Current trends highlight those major changes happening in the world that are and will have a profound impact upon society the world over. Plague, in the form of Covid-19 and its ever-present potential to create even more harmful variants, is just one dimension of this impact. A recent uptick in Ebola and the appearance of a mixed Magdeburg-Ebola virus strain, the like of which we have never seen before, all add to the current confusion. There are many others.

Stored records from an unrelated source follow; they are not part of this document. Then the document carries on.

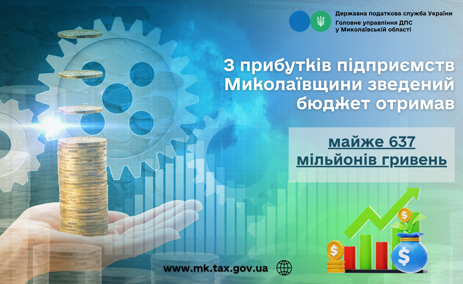У січні – серпні 2025 року до бюджетів усіх рівнів платниками податків Миколаївщини сплачено 636,7 млн грн податку на прибуток.
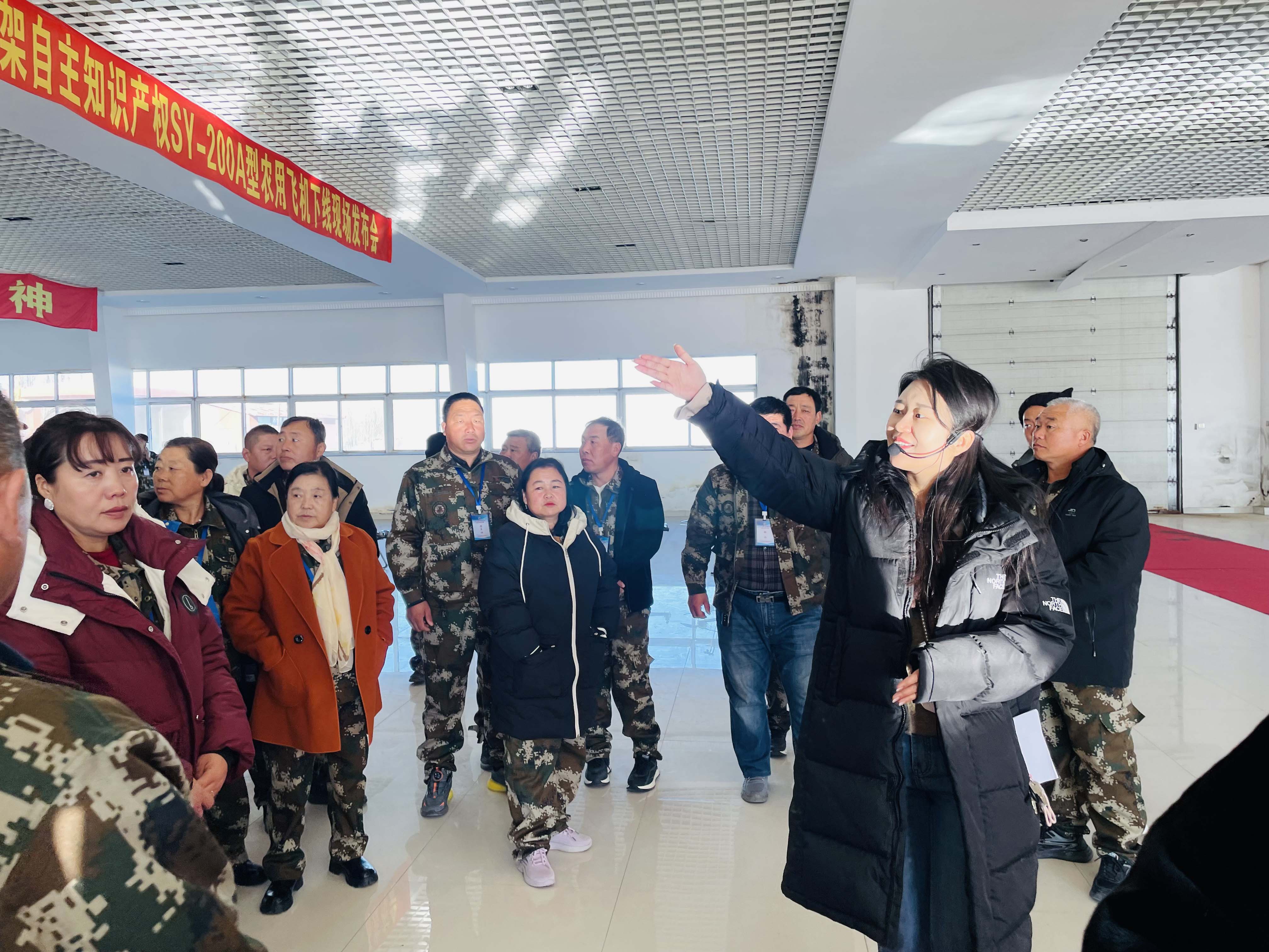 活動當天,來自科左中旗各鄉鎮的50余名農牧民學員齊聚內蒙古神鷹飛機制造有限公司,開啟了他們的“科技之旅”。在公司機務工程部王路的帶領下,學員們首先參觀了飛機展廳,詳細了解了AC311飛機以及公司自主研發的“SY-200”農用飛機、神鷹植保無人機的相關工作原理及用途。王路結合實際案例,生動講解了飛機在農作物播種、施肥、病蟲害防治等方面的應用優勢,讓學員們深刻認識到現代農業科技帶來的巨大變革。
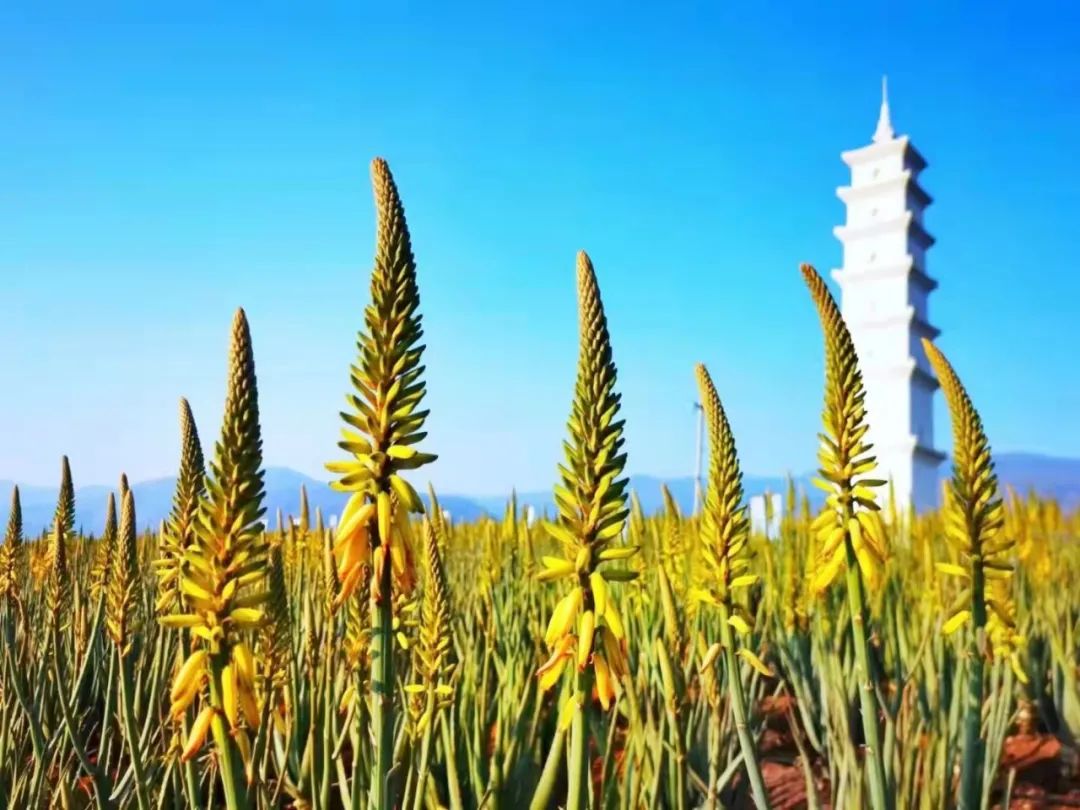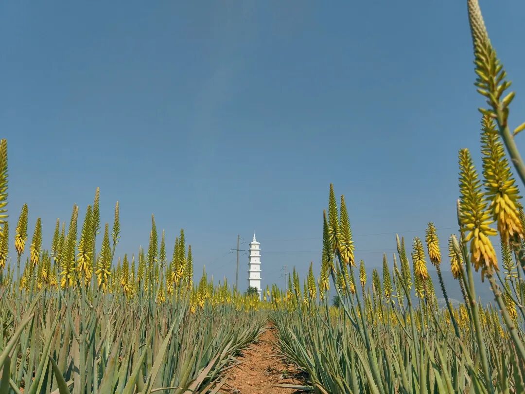 来到位于元江县白塔旁的芦荟基地,万亩芦荟花一览无余地展现在我们眼前,积蓄了整整一个冬季的力量,在春暖花开那一刻,以最美丽的姿态迎接春天的到来。

If we think we have a problem with migration now, the situation is only going to get worse. As the impact of desertification really starts to have an impact on countries, such as those in the Sahel, more and more people will be on the move. As this happens the borders that define so-called status will literally evaporate and our 17th century Westphalian ideas on states being an entity upon which its populations can depend for services (such as the National Health Service) will atrophy. After all, what is a state if it cannot protect its borders?

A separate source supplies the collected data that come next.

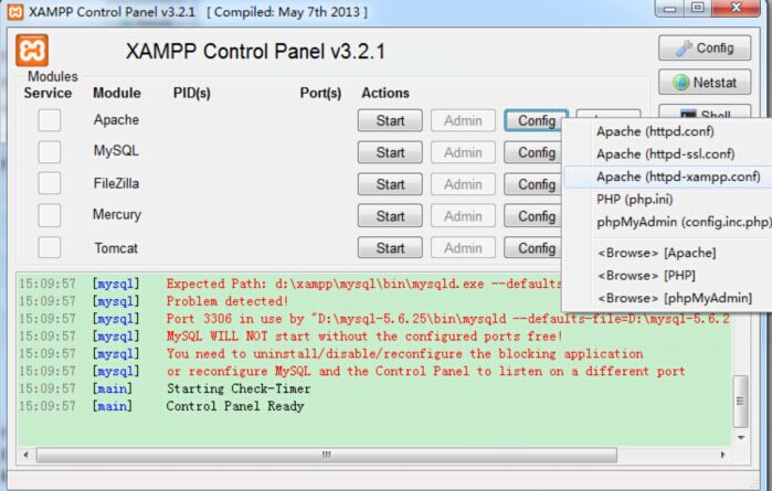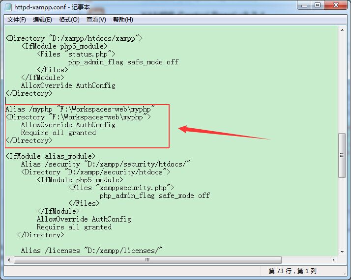 安装成功之后,运行xampp\xampp-control.exe,在Apache那一行,点击Config,会弹出下拉框,选第三个Apache(httpd-xmapp.conf),然后插入如图的一段配置,第一句是给这个PHP工程设置一个别名,方便在浏览器的地址栏访问,下面的是指定PHP工程的位置。保存一下。
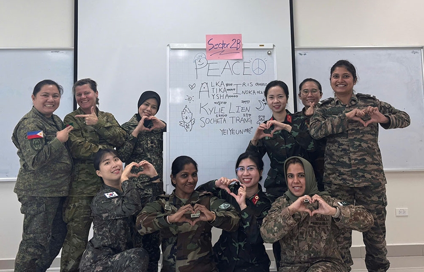 | Đại úy Nguyễn Thị Minh Trang (đứng thứ ba, từ phải sang) tham gia khóa huấn luyện về gìn giữ hòa bình Liên hợp quốc, năm 2025. Ảnh do nhân vật cung cấp |
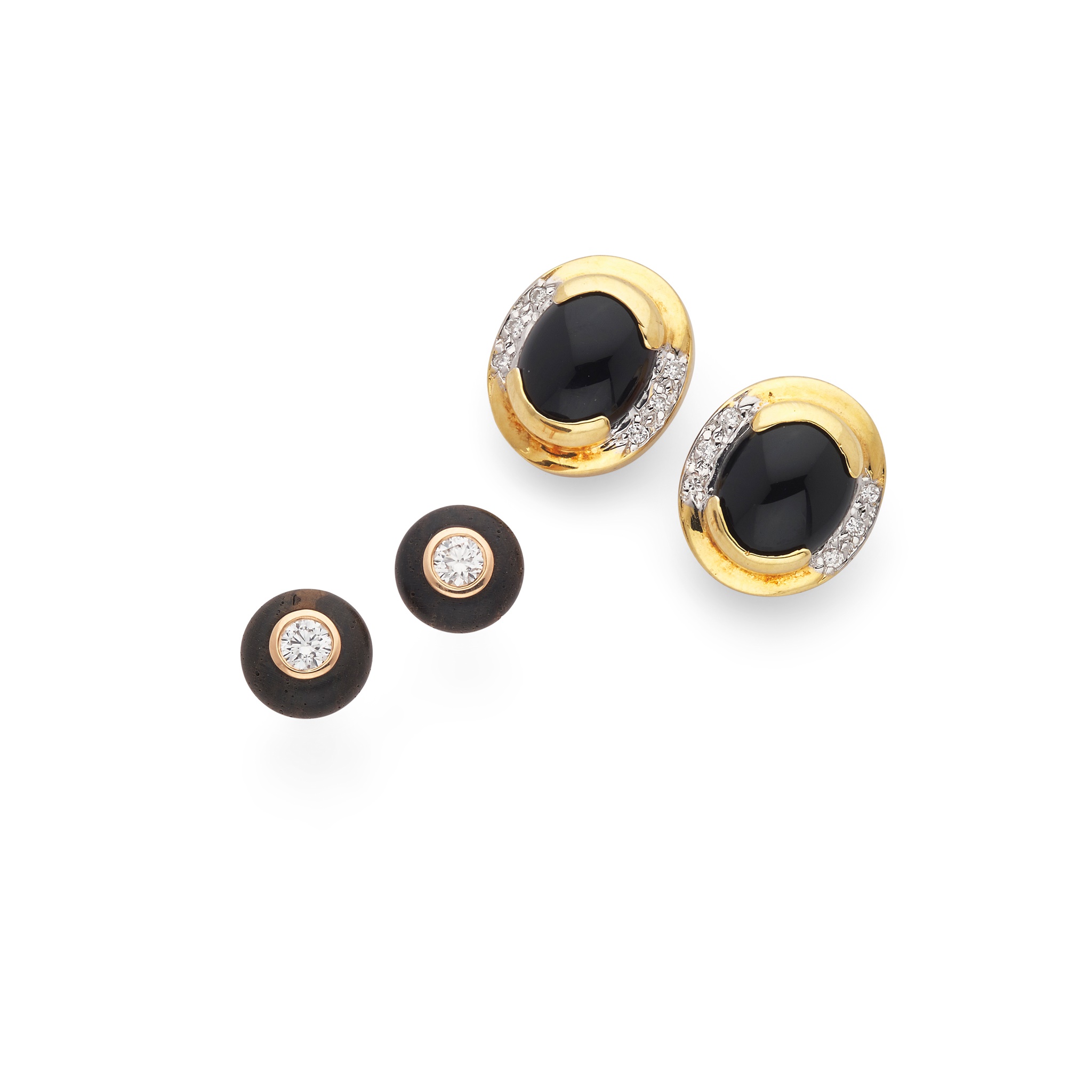 The first pair of oval outline, set with a cabochon onyx and small round brilliant-cut diamond detail, post and butterfly fittings, stamped 18k; the second pair each set with a round brilliant-cut diamond in a grenadilla wood border, post and butterfly fittings, modelled in 18ct gold (2)
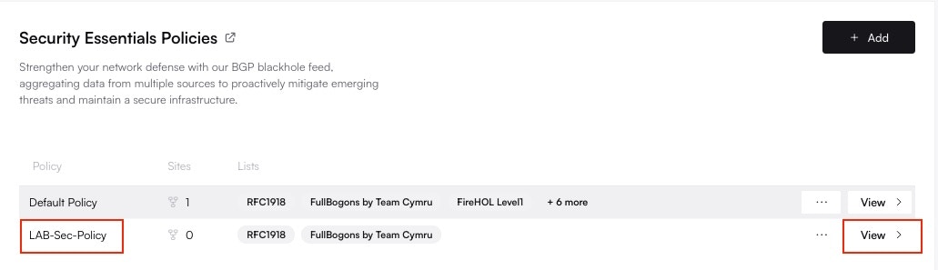 Click Save or Add to finalize the policy definition (Create BGP policy via API). To apply it to a site:

Recent images showing the collapse of the situation in Afghanistan support this thinking. The speed with which the Western created administration in Kabul collapsed seem to surprise many. The state created by the West was clearly not based upon a grillage. It was shifting sands, undermined by corruption and criminal activities endemic in societies whose cultures date back to feudal times that fundamentally undermined Afghanistan.

The outcome was, in fact, easy to predict. No society underpinned by criminality can survive very long. When the tough questions were asked there was no resilience in the state. But is this just the case in Afghanistan? Or is it symptomatic of a wider problem that is currently undermining Western society?

So-called experts whose understanding of the way the world is unfolding are in very short supply. Too many are tainted by outmoded ways of thinking. Perhaps understandably many commentators have suggested that the fall of the Western-supported government in Afghanistan signals the start of a new wave of terrorism.

New Wave of Terrorism

Al Qaeda has lain dormant in Afghanistan for many years now. The return of the Taliban creates opportunities for many to hark back to the era before September 11, 2001, and the situation that enabled Al Qaeda to thrive and project terrorism onto the world stage. While the Taliban may desire international recognition and be willing to utter the kind of platitudes that weak Western political leaders will be only too happy to latch onto, the reality on the ground in Afghanistan is that new safe havens for terrorists will be created.

After all, one of the fundamental duties of an Islamic State in Afghanistan will be to proselytise the teachings of the Prophet Muhammad wherever it can. This, again, will challenge the notion of borders and, by implication, the concept of state. It is not difficult envisaging many Islamic extremists now leaving where they are and setting course for Afghanistan. For many experts it is inevitable that it will become a new nexus for the development of even more extreme forms of terrorism.

This twin axis of threat from climate change and terrorism comes at a time when arguably the West’s own resilience and faith in its political systems is at an all-time low. Western liberal thinking is challenging the basic precepts of society. It is creating an inherent uncertainty that questions our faith in political institutions and more importantly our own sense of identity. This does not provide a firm foundation upon which a resilient society can be built.

All of this points to an urgency about addressing the issues we face in society. Sticking our collective heads in the quicksand of social media will not help us “build back better”. People at large need to get out of the grip of social media and raise their heads to the new reality.

The world is a complex, politically unstable, dynamically evolving place underpinned by a competition between fundamentally different forms of society. The mantra of the “new normal” means nothing more than a drastic reappraisal of society and the ways in which it works. Something no political leader wants to read. But this is the “new reality” and designing that new resilient society must start now.